Lost and Wanted(62)
“Thank you!” Jack said, his face exploding into a natural smile. He was suddenly his best self, bubbly and polite, and let Charlie show him how to do a wheelie.
Charlie had taken a cab to our house, and so I drove to the restaurant. On the way Charlie said: “I knew I would only have a few minutes with him, so I wanted him to like me right away.”
I didn’t take that as anything more than a comment on our hectic holiday schedules at the time.
* * *
—
When Jack was in preschool and Pema was still with us, I would go out at night once a week.

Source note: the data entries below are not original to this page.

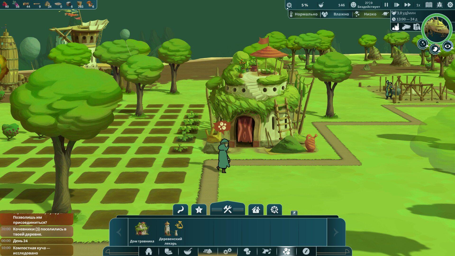 Эти клавиши – фактически одни из самых ходовых, и для такой роли у них неудачно сделано буквально все, что можно: выбор подменю, невозможность привязки конкретным действиям, размер, отсутствие горячих клавиш. Здесь стоит вспомнить тот самый легендарный Dwarf Fortress, чей интерфейс чудовищно неудобен для новичка (и сохраняет ряд серьезных проблем, даже если наиграны тысячи часов), но позволяет выполнить ряд критически важных действий с просто невероятной скоростью, напоминая этим Vim (свободный текстовый редактор). Нет, НИ В КОЕМ СЛУЧАЕ тут не утверждается что интерфейс DF удобен «в общем случае», и ещё раз можно подчеркнуть: он от начала времён содержит ряд критических проблем (обещают, что большая часть будет исправлена в Steam-версии), однако значительная часть действительно важных действий, десять раз найдя их в хитросплетениях подменю и особенностей настройки, можно выполнить практически мгновенно, что не даёт сделать ни один другой из перечисленных ранее симуляторов колонии. Возможно, подобное наблюдение совершенно лишнее в обсуждении довольно мягкой по отношению к игроку The Wandering Village. Можете считать это ворчание признаком того, что автору хотелось бы, чтобы в эту игру было приятно вернуться, а не только один раз пройти, так как деревня на спине гиганта определённо заслуживает вдумчивого руководства.
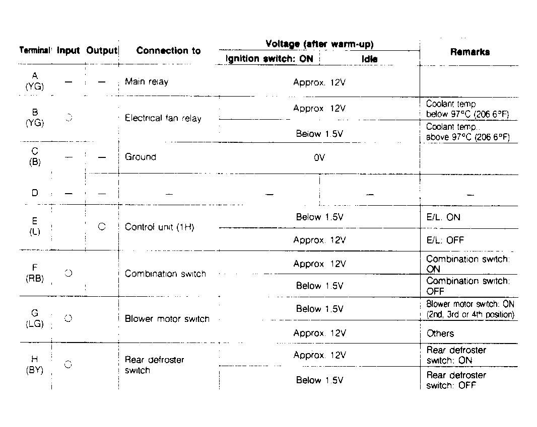 Connect a voltmeter between control unit and ground. Start engine. Check voltage at terminals using ELECTRICAL CONTROL UNIT VOLTAGE chart. See Fig 1 .
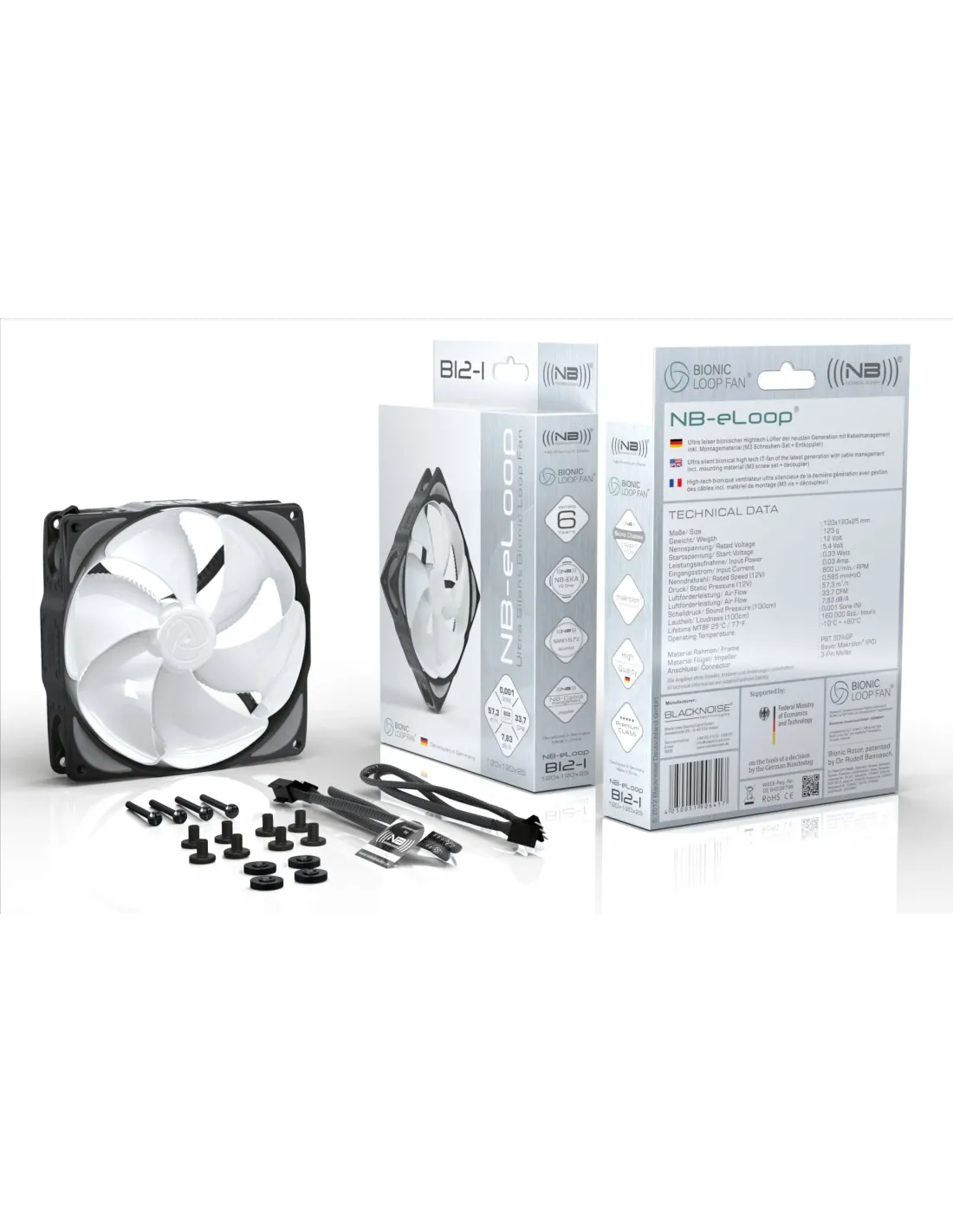 Noiseblocker B12-PS-BL. Tipo: Ventilatore, Diametro del ventilatore: 12 cm, Velocità (minima) di rotazione: 400 Giri/min, Velocità (massima) di rotazione: 1500 Giri/min, Flusso d'aria: 98,7 m³/h, pressione dell'aria massima: 1,475 mmH2O. Voltaggio: 3.9 - 13.8 V. Larghezza: 120 mm, Profondità: 25 mm, Altezza: 120 mm. Colore del prodotto: Nero

Sometimes these were work events, and other times just dinner with a few colleagues. I also socialized with the mothers I knew through Jack, especially Vicky and Eunice, and every few months I saw my old friend from Harvard, Elaine, now a professor of medical anthropology at Tufts. When I go out with any of these people, I know what the conversation is going to comprise. With Vicky and Eunice, I talk about the children; with other scientists, I gossip about MIT. With Elaine, who doesn’t have children, I often have the most interesting conversations: about feminism and work, about politics and whatever each of us happens to be reading.
As Charlie and I drove to the restaurant, listening to the same station we’d often put on in college—they seemed to have given up on attracting new listeners, and were still playing the same R.E.M., U2, and Prince albums we loved back then—I thought about what was different from those other friendships. It was a level of intimacy that I’d never reached with another woman, not back then or once we became adults. I think that with most of our friends we choose how much of ourselves to reveal, and with a very select few it feels as if there is no choice.
We sat at a table against the wall, Charlie insisting that I take the banquette. We talked about the children for a while, eating some sort of special miso soup with mushrooms. Charlie told me a funny story about Simmi, who had asked Charlie innocently whether people had to “do sex” to have a baby. I made the joke I always make, that it’s actually a lot easier to explain IUI birth with a C-section than it is a natural conception and birth.
Charlie laughed. “Does Jack ask about his donor?”
“A few months ago—he just came home from school and asked why he didn’t have a dad.”
“Oh god,” Charlie said.
“Right. I started in on my whole spiel—I’d rehearsed it in my head a million times. At the end I asked him if he had any questions, and he said: ‘Dylan’s dad got him a light saber that really lights up.’?”
Charlie laughed. “That’s what dads are for. You can borrow Terrence anytime you need someone to buy Jack plastic weapons.”
“How’s it going, with his work and everything?”
Charlie shook her head disbelievingly. “It’s amazing. I didn’t think it would work—I didn’t say it at the time, but I didn’t really think Ray could pull it off. Then some of the pro surfers started buying the boards. They were actually in the L.A. Times style magazine last month, and now the store is going crazy. Online orders, too. Terrence does the online stuff, which used to be great, because he was home so much.”
“But not anymore?”
We were sitting next to a large, tropical fish tank, presumably decorative, where fish we were not going to eat swam around: goldfish with swollen eyes, darting neon tetras, and an angry-looking lionfish, lurking against the multicolored pebbles at the bottom.
“Things are really hard with us right now. He almost didn’t come to Boston.”
Hearing about other people’s troubles with their spouses sometimes made me glad to be single; other times it just made me think I’d never meet anyone.
“How come?”
“It’s hard on him, me being sick. I decided I’m not doing staffing this year—that means competing for jobs on different shows. I had a flare at the end of the summer, and it was pretty bad. I’m a supervising producer now—that’s basically two levels from the top. The idea is that I’m going to stay home and create my own show.”
“The Manhattan Project show?”
Charlie nodded. “It’s changed a little, though. I think I’m going to focus more on the workers in Oak Ridge, Tennessee. There were black nurses in the hospital, black laborers at the labs and the test sites. Did you know they segregated the female workers in a kind of barracks? I mean, you’d expect them to be racially segregated—but the women were even separated from the men, even the married ones. There was a curfew and guards outside the gate.”
“I didn’t know that.”
“I feel like it’s a kind of Buffalo Soldier story, but with women. And science.”
“I’d love to watch that.”
“Thanks. Unfortunately, you’re not anyone’s target audience. And even if I can write it and sell it—that’s a big if—I don’t know if I have it in me, being in the office or on set in the way it would take to make it happen.”
“You look great,” I told her.
“People always say that,” Charlie said. “I mean, thank you, but that’s one of the things with lupus. You can’t always see it, so it’s hard for people to understand how bad it is.”
Charlie had ordered us some dumplings that arrived steaming in a basket. We were drinking sake from purposefully mismatched green-and-purple shot glasses.